The SQL table definition is given below.

sqlite> .schema labels
CREATE TABLE labels (
        label_id INTEGER NOT NULL, 
        genome_id INTEGER, 
        run_id INTEGER, 
        label VARCHAR, 
        class_label VARCHAR, 
        PRIMARY KEY (label_id), 
        FOREIGN KEY(genome_id) REFERENCES genomes (genome_id), 
        FOREIGN KEY(run_id) REFERENCES runs (run_id)
);
  • labels_id: the primary key, an integer that increments with each additional `run`` row
  • genome_id: the genome to which the label applies
  • run_id: the run for which the label applies
  • label: the text of the metadata
  • class_label: the text of the class metadata

Two slots are provided: label and class_label. This is quite inflexible in comparison to what we might like, and was written to match the original implementation in average_nucleotide_identity.py.

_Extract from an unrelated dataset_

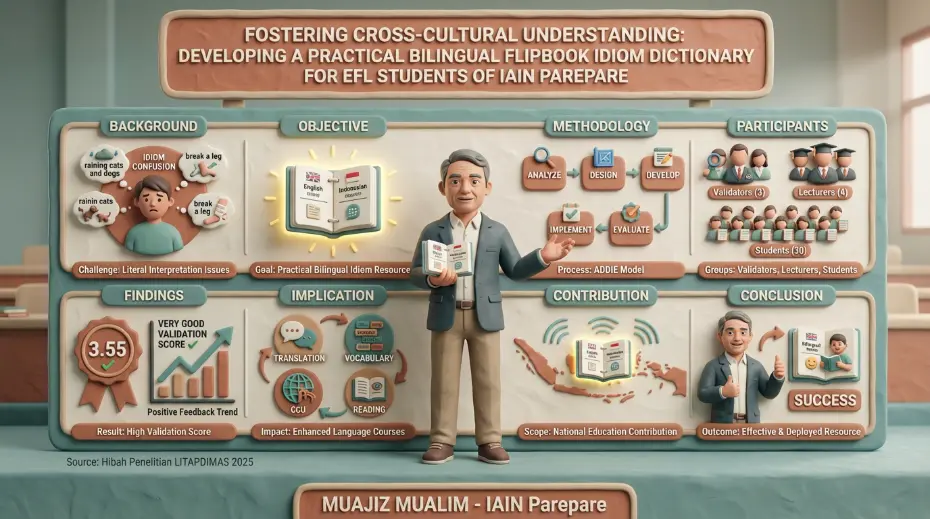 Dalam riset berjudul "Bridging Figurative Meaning and Cultural Understanding: An R and D-Based Idiom Flipbook for Indonesian EFL Students" yang dilakukan oleh Muajiz Muallim, Cynic Tenedero, Mujahidah, Zulfah, dan Raka Samaratani dari Institut Agama Islam Negeri Parepare dan Technological University of the Philippines, Manila, sebuah solusi inovatif telah dikembangkan untuk menjembatani jurang pemahaman ini. Penelitian ini berupaya menciptakan alat pembelajaran yang tidak hanya menjelaskan makna idiom, tetapi juga mengintegrasikan konteks budaya dan dukungan visual, yang selama ini menjadi celah besar dalam materi pembelajaran yang ada.

We should make this table, and the way we access it for label information, more general in pyani-plus. One approach might be to modify the table to:

CREATE TABLE labels (
        label_id INTEGER NOT NULL, 
        genome_id INTEGER, 
        run_id INTEGER, 
        label VARCHAR, 
        label_type VARCHAR, 
        PRIMARY KEY (label_id), 
        FOREIGN KEY(genome_id) REFERENCES genomes (genome_id), 
        FOREIGN KEY(run_id) REFERENCES runs (run_id)
);

Allowing for multiple labels per genome, per run, with a label_type field that uses a controlled vocabulary to indicate the type of metadata that is encoded in the label.